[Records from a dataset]
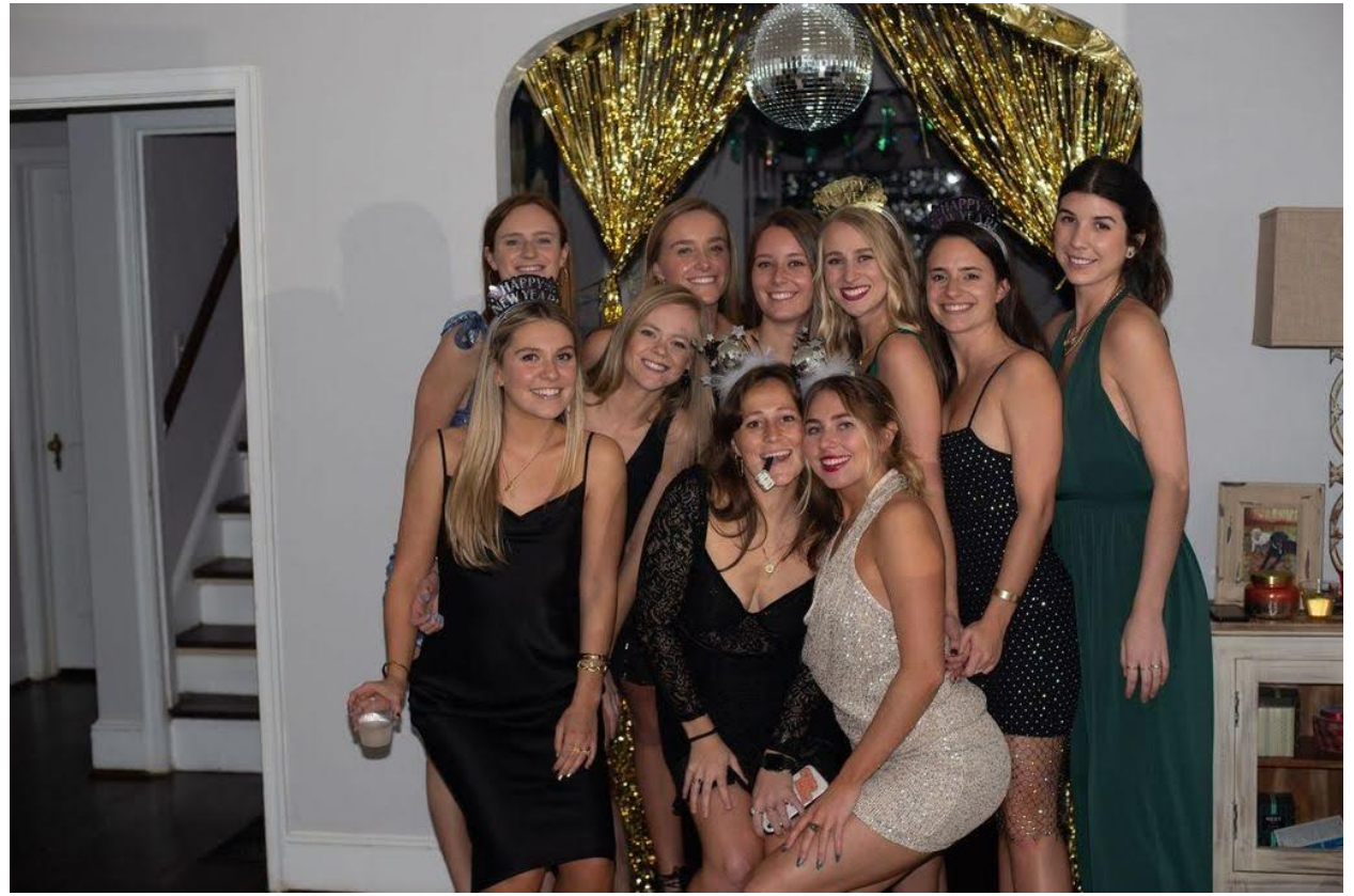
New Years 2021 in Charlotte, NC
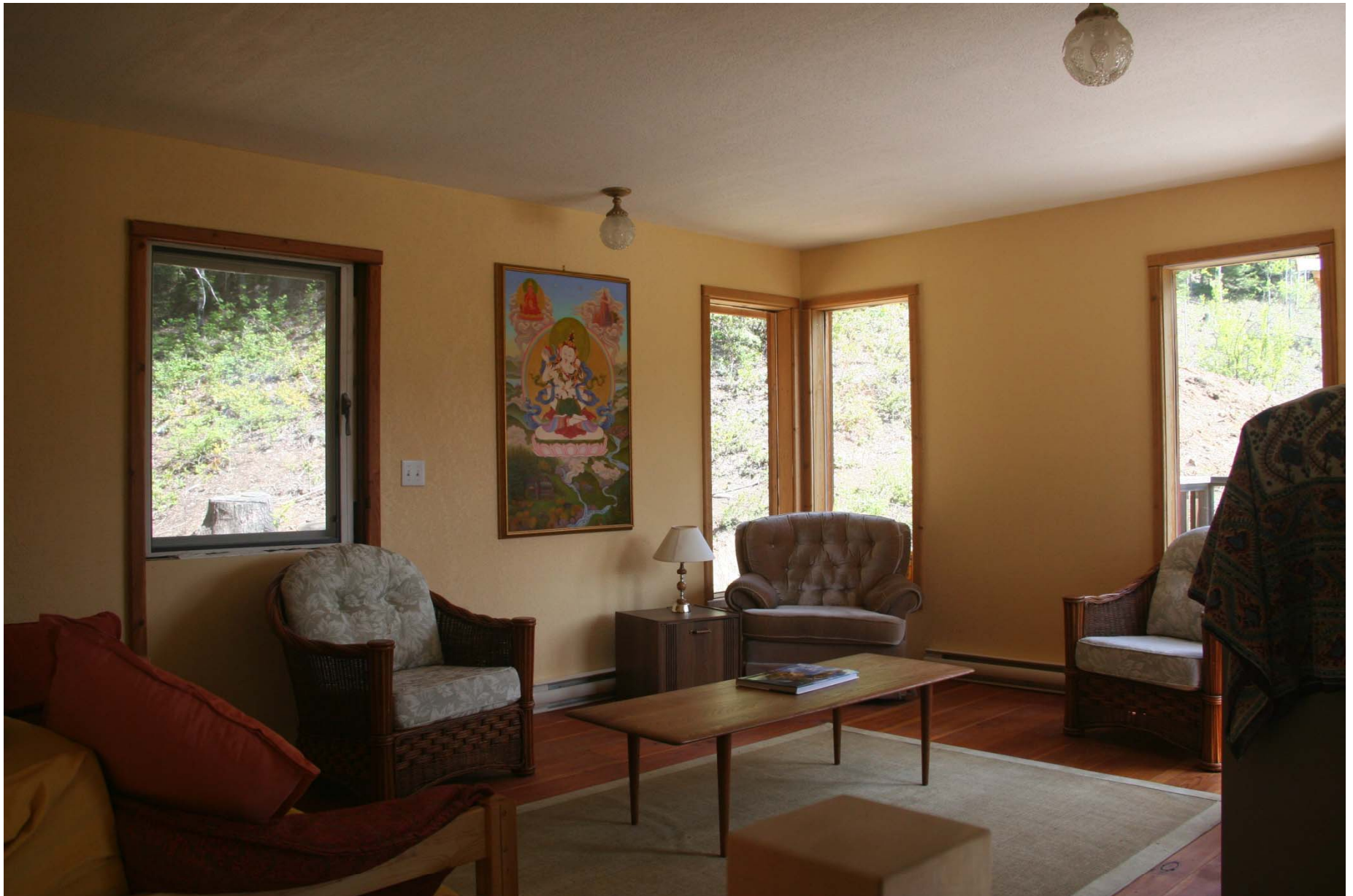
Library was renovated last year.
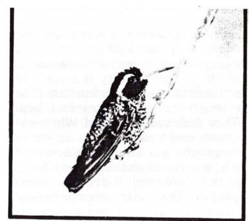
Adult male White-eared Hummingbird, Grant County, NM, 6 Aug 1993.
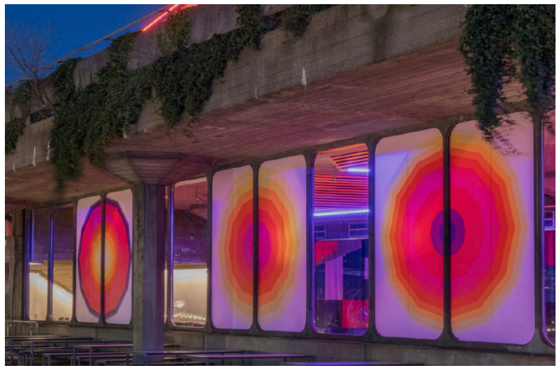
Image above left : Digital mock-up of the installation, above right: Window Murals courtesy of the Artist
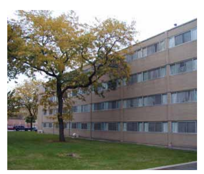
McCormick Student Residence

It's an extremely secure place to live because all students must enter and exit through the same central doors of the building, where a door guard is posted 24-hours a day. The student ID is called the 'Hawk Card' and is used as a personal ID, for gaining entry into the residence halls, as a meal card, for laundry, photocopying and vending machines.
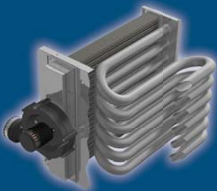
MODINE CONSERVICORE® HEAT EXCHANGER

At 93% thermal efficiency for all model sizes, Modine's Effinity 93 condensing unit heater features the highest efficiency available in North America for commercial and industrial, as well as residentially certified (sizes 110 and smaller) gas-fired unit heaters. This industry leading efficiency is a result of the coupling of our Conservicore ® secondary heat exchanger technology with our robust tubular primary heat exchanger design. The Conservicore ® technology features a secondary recuperative heat exchanger fabricated from AL29-4C ® stainless steel. This material is superior to other lower grades of stainless steel and aluminum, resulting in outstanding ability to withstand the corrosive environment of condensing gas fired equipment.
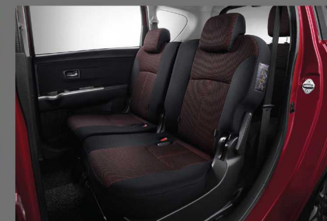
2nd Row Seat
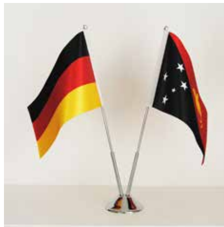
TWIN TABLE FLAG DOUBLESIDED

Pole 30 cm silver pole and base Flag: 22,5 x 15 cm
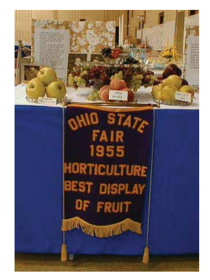
Editor's Note: Included in Dick's display were several photos of his Grandfather, beautiful fruit, and the prized banner showing, "Best Display of Fruit."

This is a small example of how the display would look.
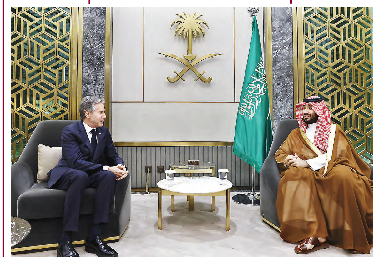
U.S. Secretary of State Antony Blinken meets Saudi Crown Prince Mohammed bin Salman in Jeddah, Saudi Arabia.
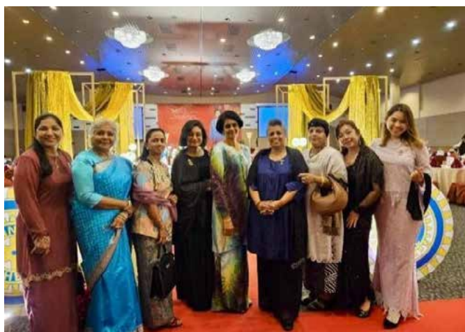
At the Inner Wheel Club of Alor Star on 27 Jul 2024, bestowal of the Margarett Golding Award
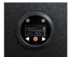
Power Monitor Panel
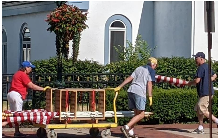
Fourth of July 2021 Flag Recovery
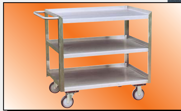
Model XY Shown
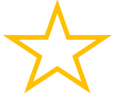
Photo Strip Upgrade (choices 2, 3, and 4 shown on page 2): $100 _____
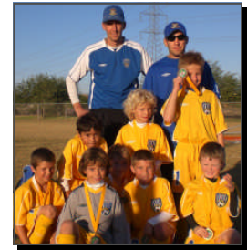
U8 Boys take 1st Place

Despite a partial tournament rainout, the Kohl's Christmas Angel Tournament continued through a variety of shootouts and short games. After Saturday's cancelled games, the rain finally subsided, the sun came out and Sunday was fabulous! But, it was then that the real storm began! Our AZSC Thunder rolled in and did an awesome job in representing our club well. Here are photos submitted by parents, along with our final standings:
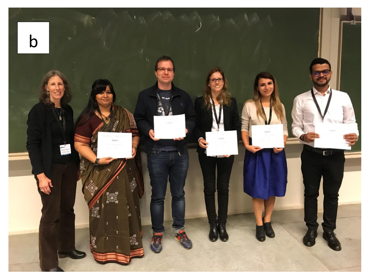
Figure 1. TIF Travel Grant recipients at the: a) Technical Commission I Symposium held in 2018 in Karlsruhe, Germany; and b) Technical Commission IV Symposium held in 2018 in Delft, The Netherlands.
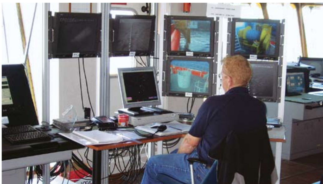
The precision work of submarine cable laying is closely monitored in every step
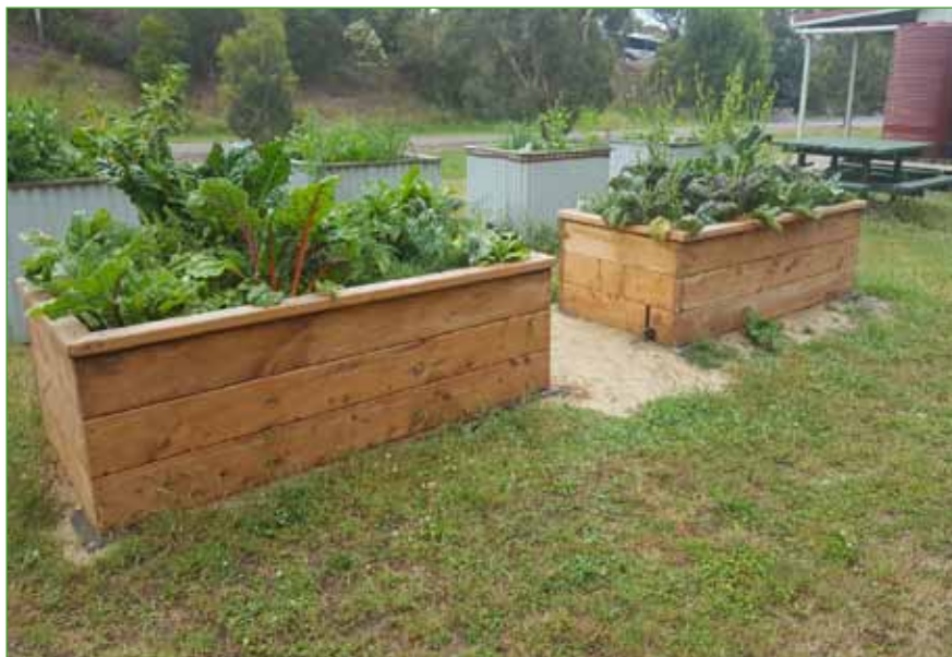
Our wicking beds will look very similar to these cypress pine clad wicking beds pictured recently at the Fish Creek Community Garden.

We're hoping to start work on this soon and will keep you posted via our newsletter on the development of the Garden.
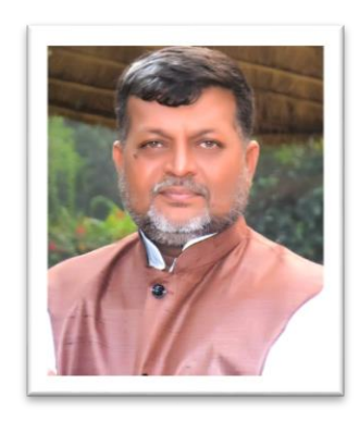
Jitendra Kumar Rai Hon'ble Minister Art, Culture & Youth Department Govt. Of Bihar
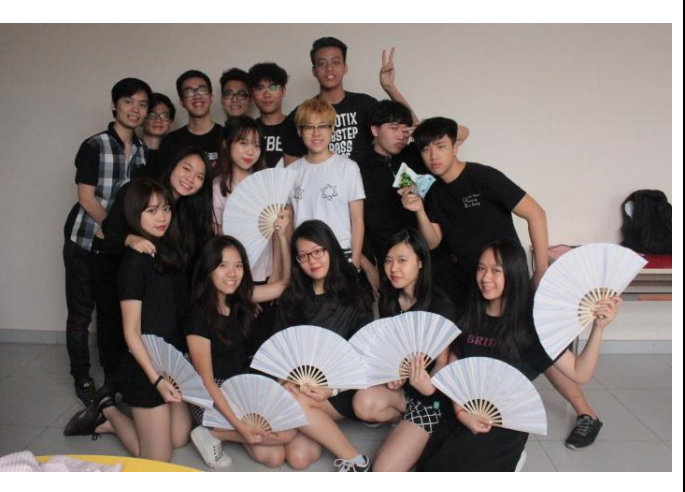
GAC and A Level's performance
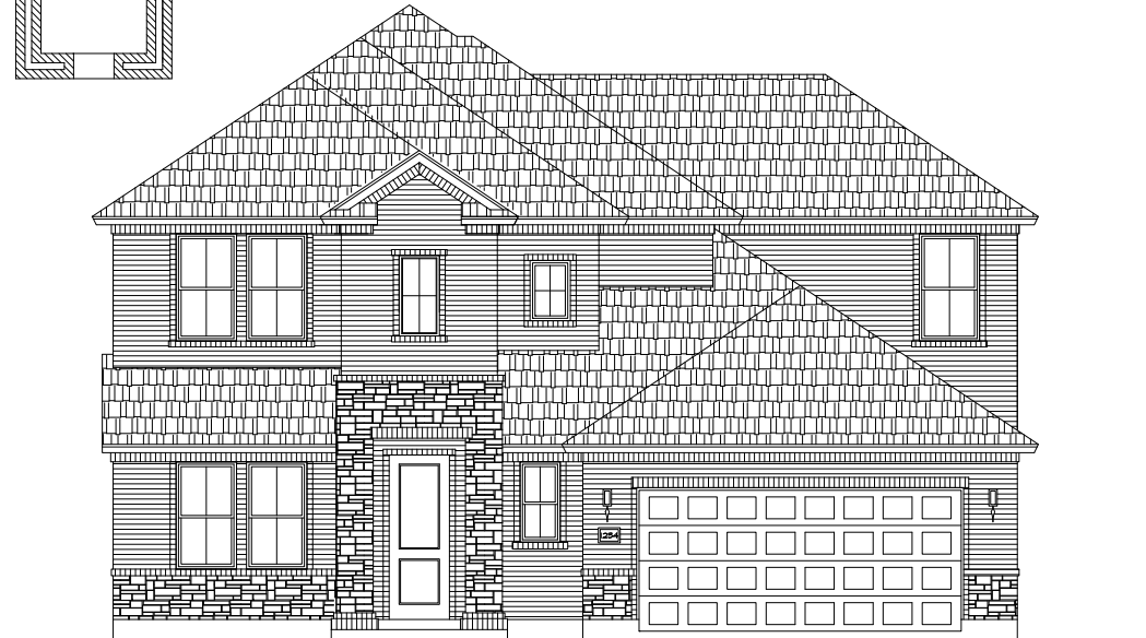
ELEVATION A WITH GAME ROOM

INSTRUCTIONS FOR THE TASK
Say again, word for word, the lines beginning at the top of the data and ending with the line that has "McCormick Student Residence". Skip the pictures.

WRITTEN SOLUTION
New Years 2021 in Charlotte, NC
Library was renovated last year.
Adult male White-eared Hummingbird, Grant County, NM, 6 Aug 1993.
Image above left : Digital mock-up of the installation, above right: Window Murals courtesy of the Artist
McCormick Student Residence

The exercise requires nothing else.